▶
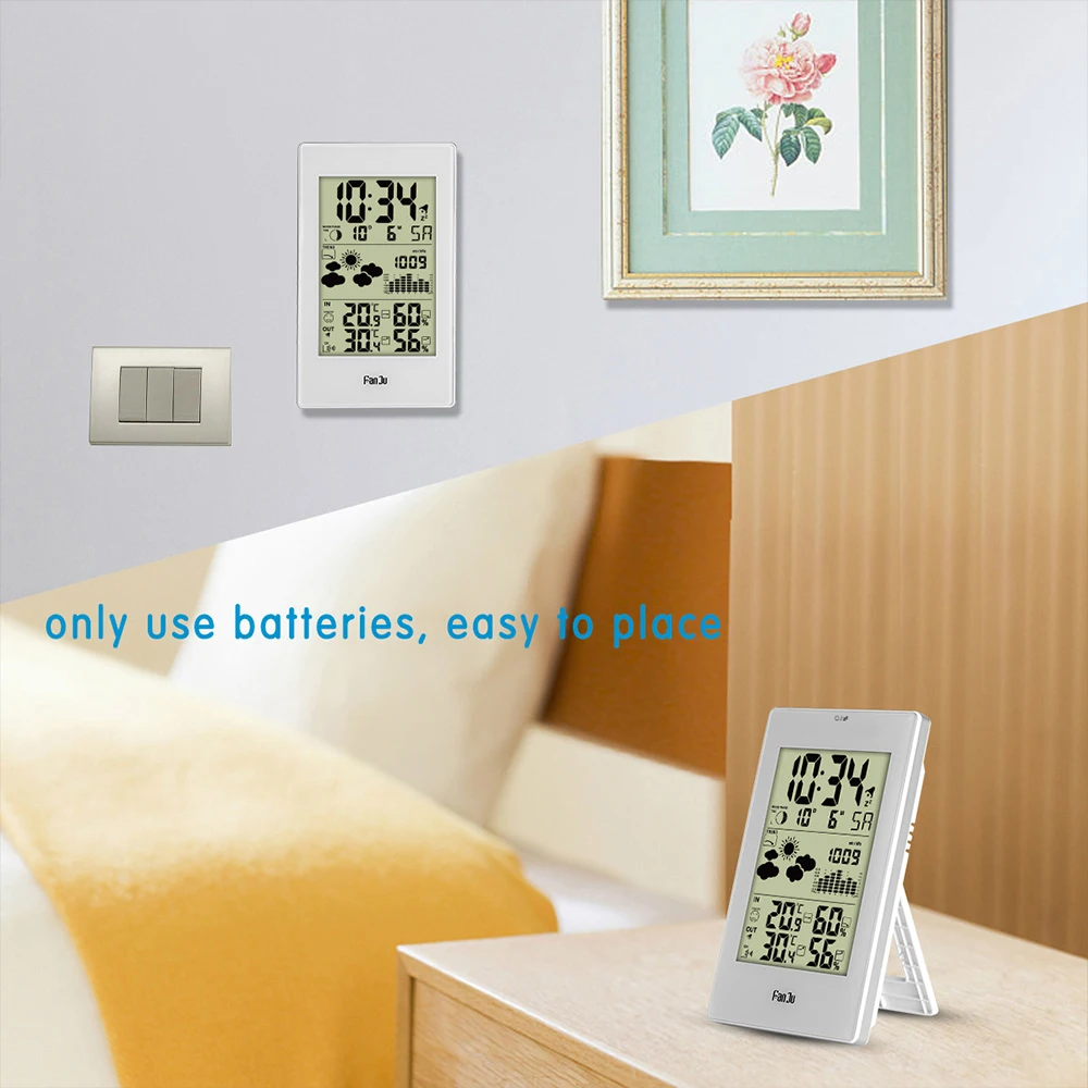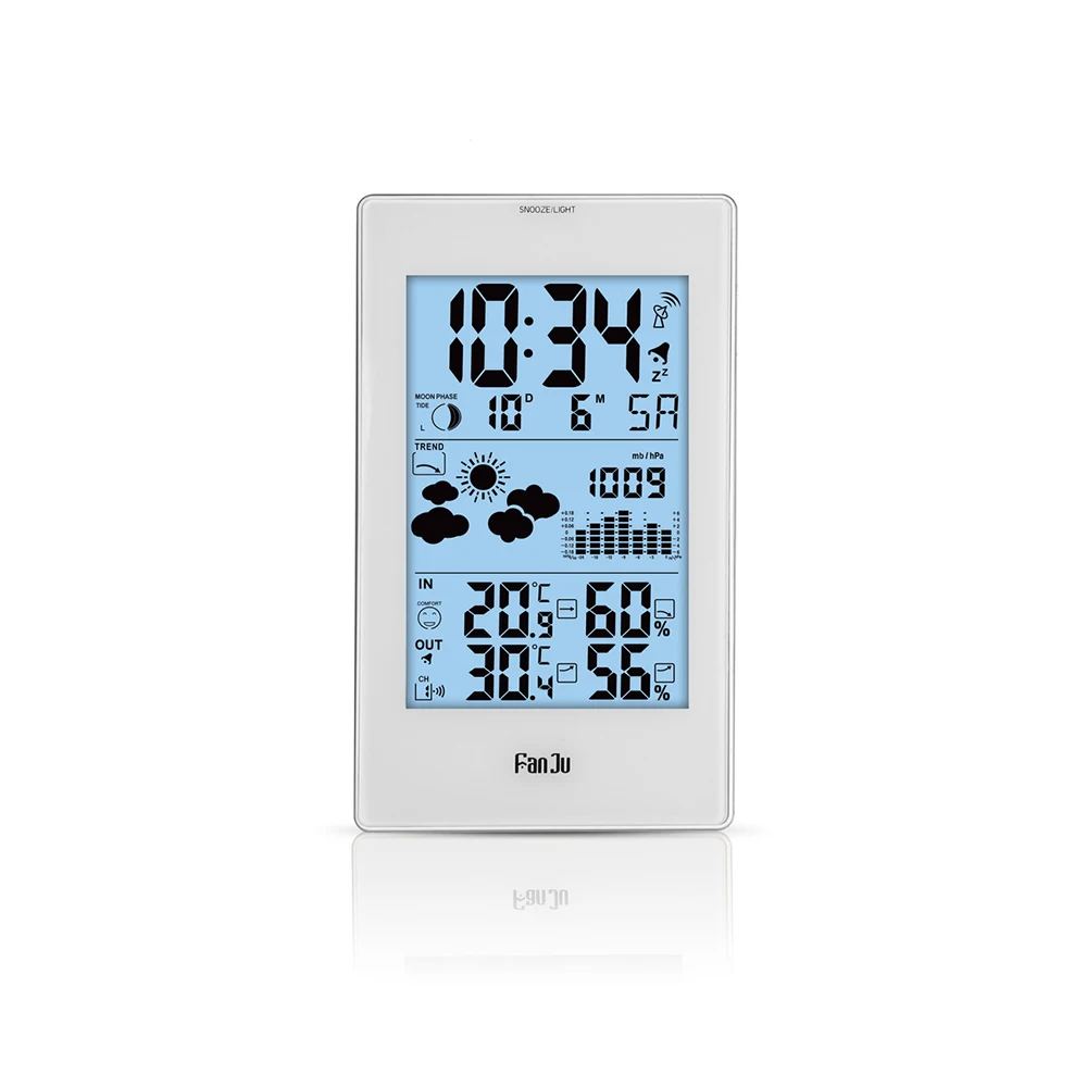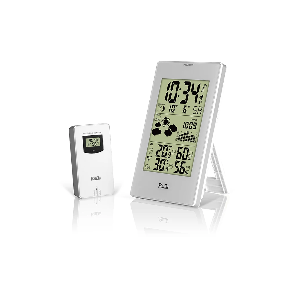 Погодная станция с беспроводным наружным датчиком для измерения температуры, влажности, атмосферного давления и имеет функции цифровых часов, календаря, будильника и повтора, его ЖК-экран также отображает фазу Луны, уровень комфорта, тренд температуры, влажности и барометрического измерения.
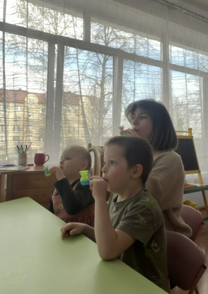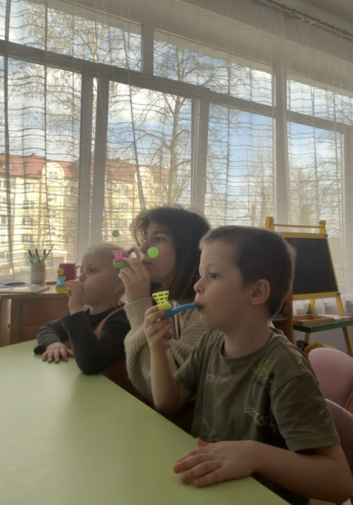Чтобы проверить, насколько хорошо у нас получается, мы устроили веселую игру: кто сможет дольше всех продержать мячик в воздухе, выдыхая на него! В данной игре мы с ребятами тренировались правильно вдыхать и выдыхать, чтобы мяч как можно дольше удерживался в воздухе. Получается это далеко не с первого раза, даже у взрослого человека, но мы очень старались.
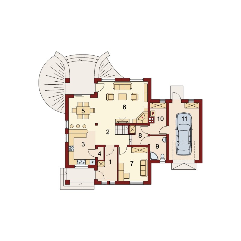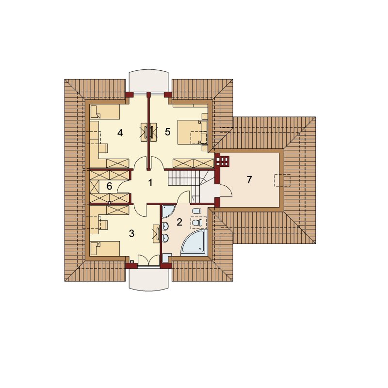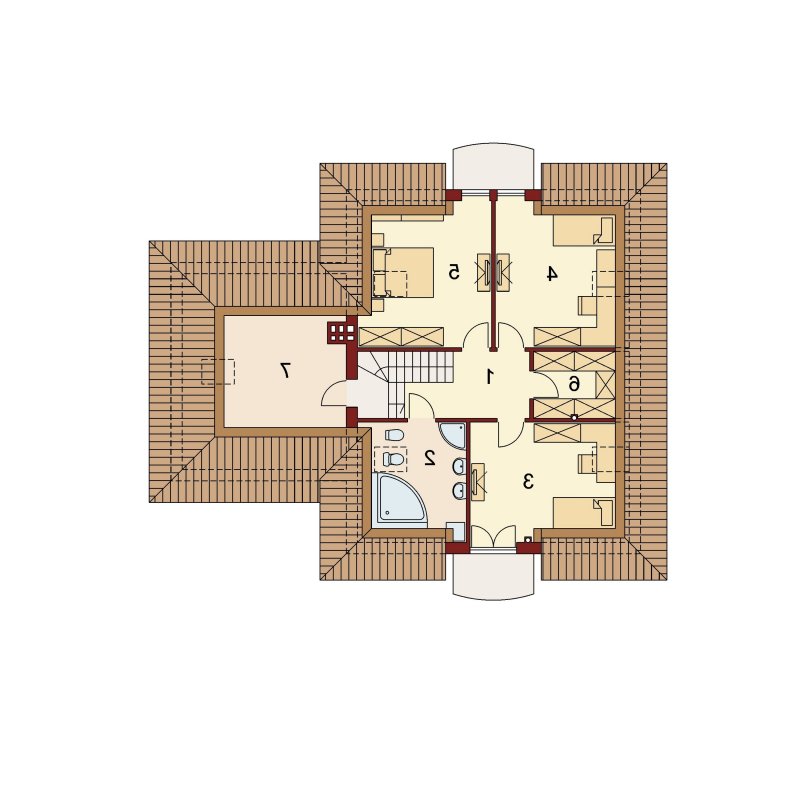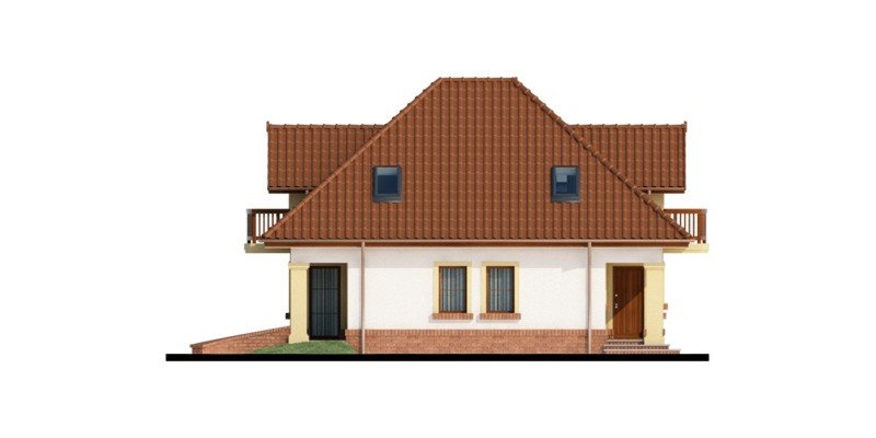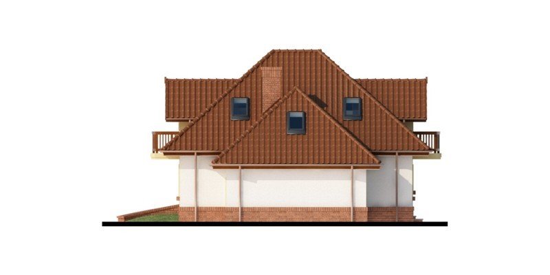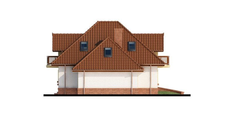 Wymarzony dom dla 4-5 osobowej rodziny. Pomieszczenia usytuowane na parterze idealnie ze sobą współgrają. Umieszczenie spiżarni w sąsiedztwie z kuchenką oraz zlewozmywakiem tworzy praktyczną strefę roboczą w kuchni. Garderoba łączy część mieszkalną parteru z gospodarcza, co świadczy o doskonałym wykorzystaniu przestrzeni. Dodatkowym wyjściem na taras w salonie, możemy przejść w stronę ogrodu nie zakłócając nastroju biesiadników w jadalni. Zaletą jest również bezpośrednie wejście w elewacji ogrodowej do strefy gospodarczej . Dzięki niemu możemy dostać się do garażu, a także łazienki bez zbędnej ingerencji w część mieszkalną domu. Również poddasze, z trzema ustawnymi pokojami oraz obszerną łazienką, urzeknie swoją funkcjonalnością. Ogólnodostępną garderobę doceni każdy domownik. Strych dostępny bezpośrednio z klatki schodowej to doskonały pomysł na dodatkowy pokój hobby lub prywatną siłownię.
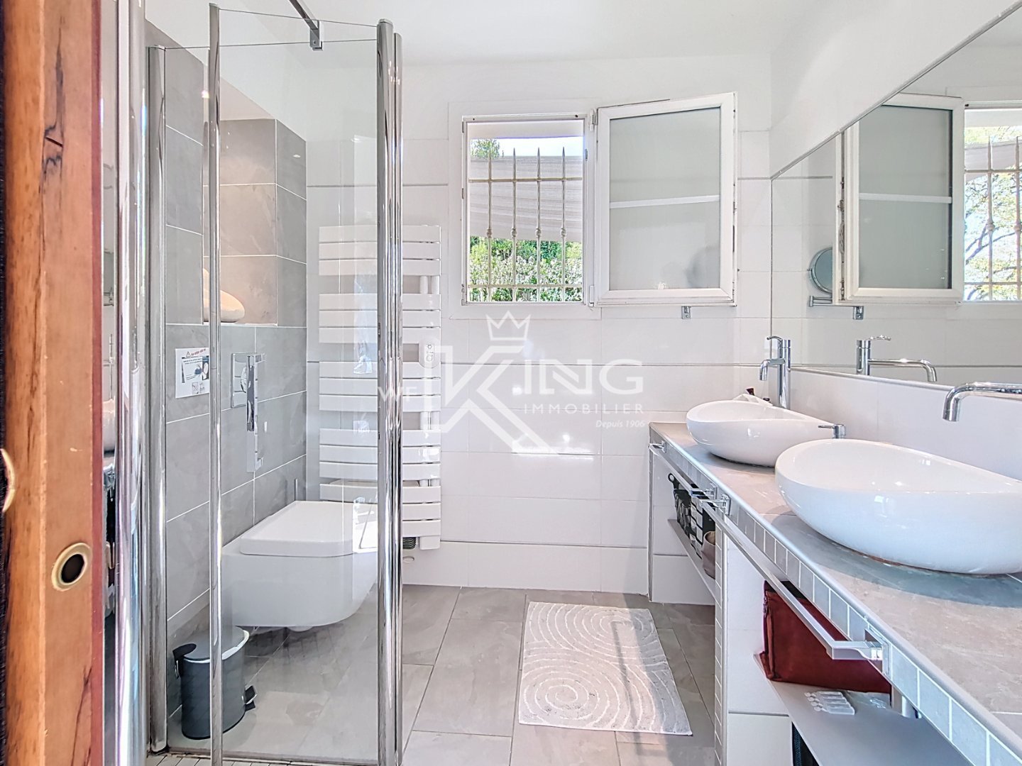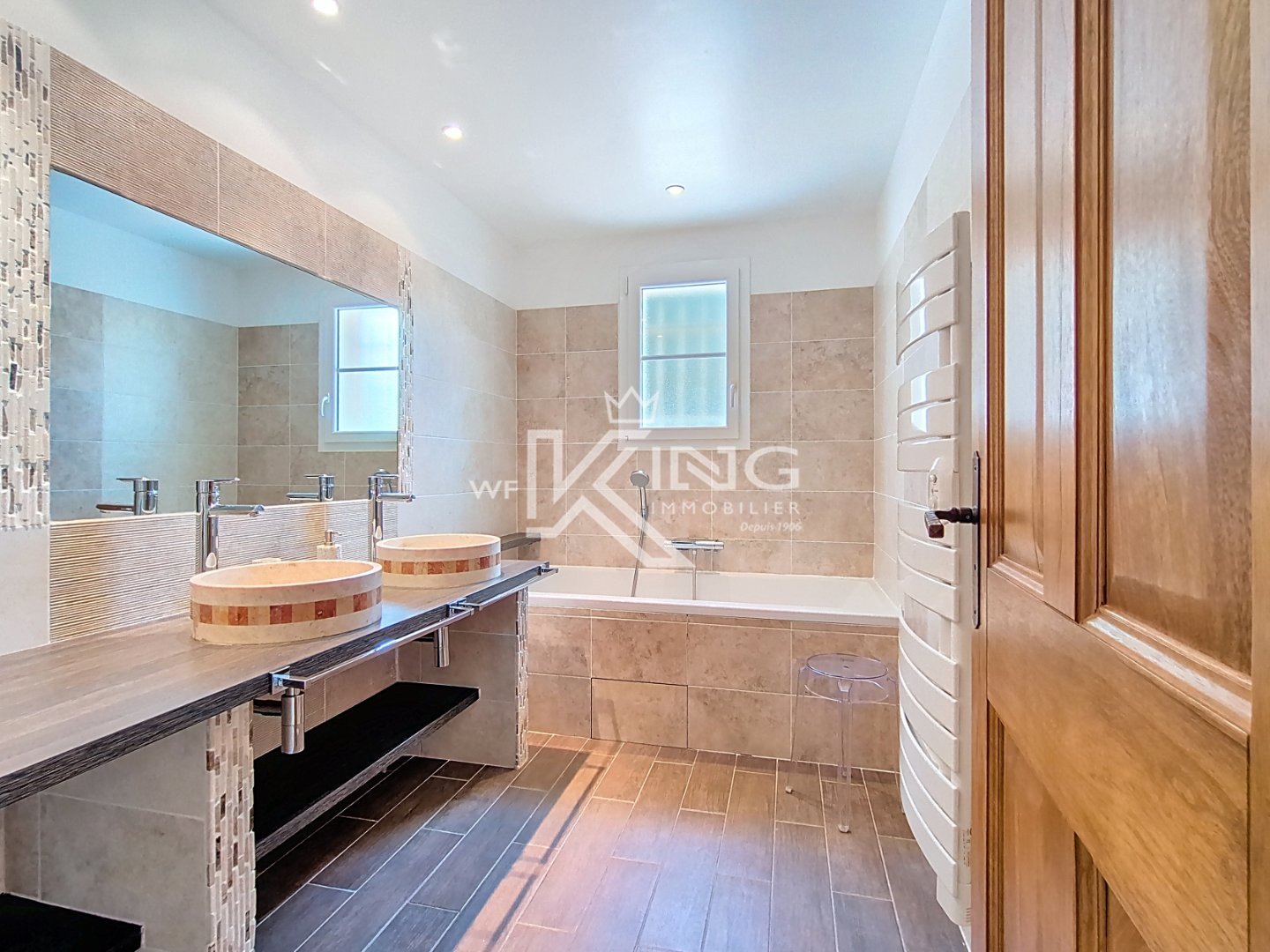 À l'étage, vous découvrirez trois chambres dont une suite parentale avec salle de bains double vasque, WC, dressing et belle terrasse tropézienne, une salle de bains supplémentaire et une seconde terrasse de 32 m².
◀
ACTION ITEM → Without the pictures, return the listing above from its first line through the line that has "Wymarzony dom dla".

RESPONSE BOX →
 Погодная станция с беспроводным наружным датчиком для измерения температуры, влажности, атмосферного давления и имеет функции цифровых часов, календаря, будильника и повтора, его ЖК-экран также отображает фазу Луны, уровень комфорта, тренд температуры, влажности и барометрического измерения.
Чтобы проверить, насколько хорошо у нас получается, мы устроили веселую игру: кто сможет дольше всех продержать мячик в воздухе, выдыхая на него! В данной игре мы с ребятами тренировались правильно вдыхать и выдыхать, чтобы мяч как можно дольше удерживался в воздухе. Получается это далеко не с первого раза, даже у взрослого человека, но мы очень старались.
 Wymarzony dom dla 4-5 osobowej rodziny. Pomieszczenia usytuowane na parterze idealnie ze sobą współgrają. Umieszczenie spiżarni w sąsiedztwie z kuchenką oraz zlewozmywakiem tworzy praktyczną strefę roboczą w kuchni. Garderoba łączy część mieszkalną parteru z gospodarcza, co świadczy o doskonałym wykorzystaniu przestrzeni. Dodatkowym wyjściem na taras w salonie, możemy przejść w stronę ogrodu nie zakłócając nastroju biesiadników w jadalni. Zaletą jest również bezpośrednie wejście w elewacji ogrodowej do strefy gospodarczej . Dzięki niemu możemy dostać się do garażu, a także łazienki bez zbędnej ingerencji w część mieszkalną domu. Również poddasze, z trzema ustawnymi pokojami oraz obszerną łazienką, urzeknie swoją funkcjonalnością. Ogólnodostępną garderobę doceni każdy domownik. Strych dostępny bezpośrednio z klatki schodowej to doskonały pomysł na dodatkowy pokój hobby lub prywatną siłownię.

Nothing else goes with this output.